Taken together, our two experiments showed that number magnitude and space are strongly associated in young and naïve chicks. In presence of very limited numerical and environmental/spatial experience this association is left-to-right oriented. But is this effect sensitive to experience? Future studies are needed to assess whether and how the association of number and space, however predisposed, can be modulated by experience.
Chicks showed a left bias in the 2 vs. 2, a right bias in the 8 vs. 8 and no bias in the control test 5 vs. 5, irrespectively of testing order (Figure 1A and B). Our results cannot be explained by individual orienting biases or by preference for novelty (Núñez and Fias, 2017). Our results show, instead, that it is the relative numerical magnitude between the training and the testing values, which determines the direction of the bias. Moreover, the presence of a linear trend with three points of reference - LC(2 vs. 2)>LC(5 vs. 5)>LC(8 vs. 8)- poses further restrictions in favor of a spatial-numerical mapping guided by the mental number line (see Núñez and Fias, 2017).
One important issue is the adaptive significance, if any, of a directional number-space association for non-human (and human) animals.
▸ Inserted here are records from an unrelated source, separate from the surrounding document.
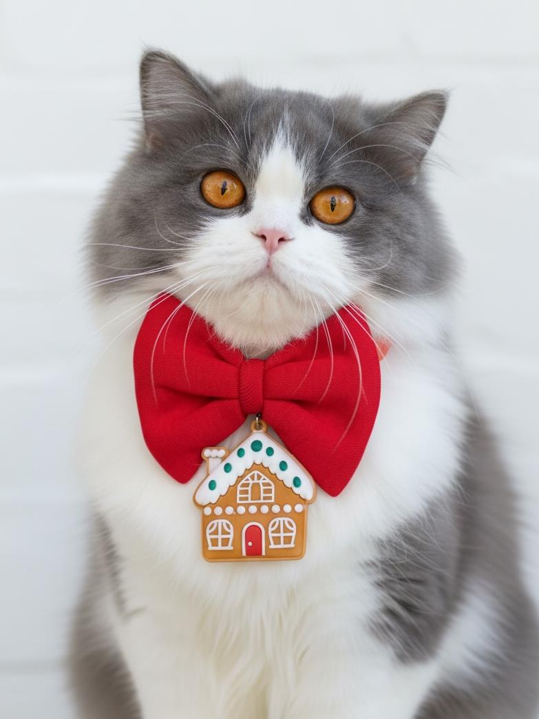 GingerHome Kedi Papyon Tasması | Kırmızı Fiyonk Boyun Aksesuarı | Noel Temalı Kedi Süsü
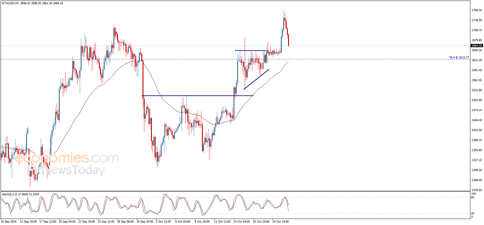 يتداول سعر الإيثريوم (ETHUSD) بسلبية ملحوظة، حيث يتجه نحو اختبار محتمل للدعم المحوري 2623.77$، مما يتطلب الانتباه من التداولات القادمة، حيث إن كسر هذا المستوى سيوقف الموجة الرئيسية الصاعدة ويضغط على السعر للتحوّل إلى الانخفاض، بينما يحتاج السعر لتخطّي 2705.00$ لتعزيز فرص استئناف الاتجاه الرئيسي الصاعد من جديد.
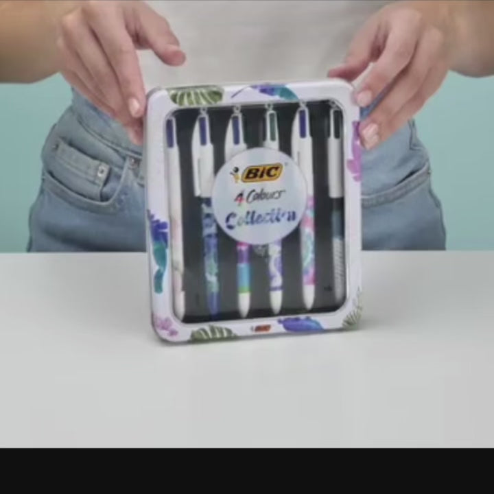 一款可重複使用的收藏盒,內含6支BIC四色按動原子筆,以趣味和現代風格重新詮釋經典的BIC四色筆。盒內包含「植物系列」和「漸層系列」原子筆,將色彩繽紛的大自然與時尚潮流結合在一起。不論是筆記、繪畫還是製作「子彈日記」,都能以藍、紅、綠和黑四種中型筆尖創造豐富的色彩。這些筆具備耐用性,且在法國製造,可重複填充墨水,平均書寫長度達8公里。簡而言之,這是經典BIC筆的新潮再現!
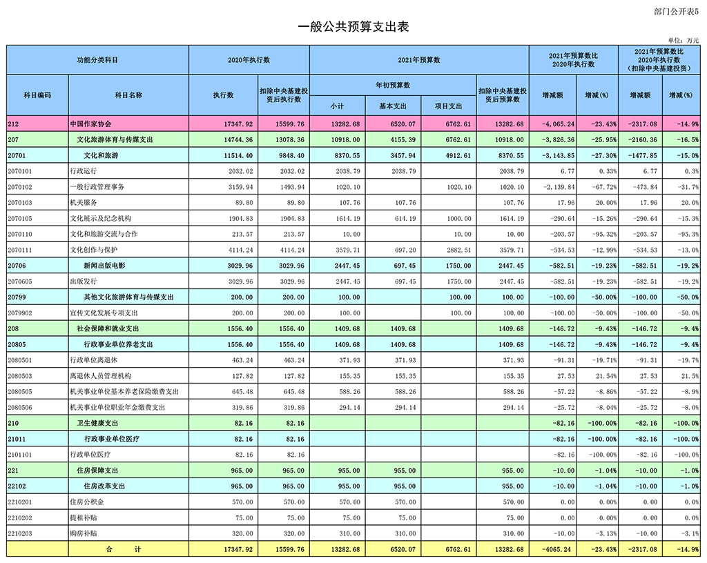 五、关于中国作家协会2021年一般公共预算支出表的说明

One could argue that the basic phenomena is the mapping of number to space, and that the ordering of such mapping is simply the outcome of chance processes. However, if this were the case, then one would expect different individuals showing different directional biases, for there would be no specific reason for an alignment in the direction of the space-number association in different individuals. Some more basic biological phenomenon may, however, be at work here. One hypothesis has been put forward by Vallortigara, 2018. It is based on evidence that the two sides of the brain provide qualitatively different contributions to the control of functions related to motivation and emotion - sometimes referred to as the ‘valence hypothesis’ (Davidson, 2004)- with the left and right sides of the brain specialized for positive (approach) or negative (withdrawal) aspects in the control of behavior. It is plausible that changes towards larger or smaller magnitudes are associated with prevalent activation of, respectively, the left (positive valence) and the right (negative valence) hemisphere, and, thus, that attention to contralateral hemispace arises from it. Even if not explicitly trained to such association, animals can establish that for appetitive stimuli like the ones used in our experiments, larger magnitudes are intrinsically better (and approachable) than smaller magnitudes. According to this hypothesis, when chicks are faced with either abrupt increase or decrease in numerosities this would evoke preferential activation of, respectively, the left hemisphere (positive emotion) or the right hemisphere (negative emotion). In turn, this would promote attending to the contralateral side of the activated hemisphere, i.e. to the left for changes from large to smaller numerosities and to the right for changes from small to larger numerosities. The hypothesis can be tested in future experiments by e.g. establishing specific associations between certain magnitudes and an aversive (rather than an appetitive) stimulus, thus inducing a reduction if not an inversion of the direction of the space–number association.
Materials and methods
Subjects
Subjects were forty-eight domestic chicks (Gallus gallus), Ross 308 Broiler (Aviagen). Twenty-four subjects took part in Experiment 1, and the other 24 took part in Experiment 2. We obtained chicks weekly from a local commercial hatchery (Agricola Berica, Montegalda, Vicenza, Italy).
All procedures chicks underwent are summarized in Table 2. On arrival, the chicks were a few-hours old. They were immediately housed in standard metal cages (28 cm × 32 cm × 40 cm), with food and water available ad libitum in transparent glass jars (5 cm in diameter, 5 cm high), and placed at the corners of the cages. Food and water were placed randomly, one jar per corner, and their position was changed daily. Each cage was illuminated by fluorescent lamps (36 W) located 45 cm above it. Temperature and humidity were constantly monitored and maintained respectively at 28–31°C and 68%. Twice a day we fed chicks with some mealworms (Tenebrio molitor larvae) as these were used as food reinforcement during training. We reared chicks in these conditions from the morning of arrival (from 11 a.m.) to the morning (8 a.m.) of Day 3, when the food jars were removed while water was left available. Two hours later (10 a.m.) birds underwent shaping, in which they learnt to circumnavigate a panel located in the center of the experimental apparatus. At the end of shaping each chick was placed back in its rearing cage and, two hours later, it underwent training. Immediately after the end of training the chick underwent Test 1. When the first test was over, the chick was placed back in its rearing cage for one hour, before entering a second session of training and, immediately after it, Test 2. At the end of Test 2, each chick was placed back in its rearing cage for about an hour, then the third training started, and, immediately thereafter, Test 3. At the end of all tests, chicks were caged in social groups of three birds, with food and water available ad libitum. A few hours later they were donated to local farmers.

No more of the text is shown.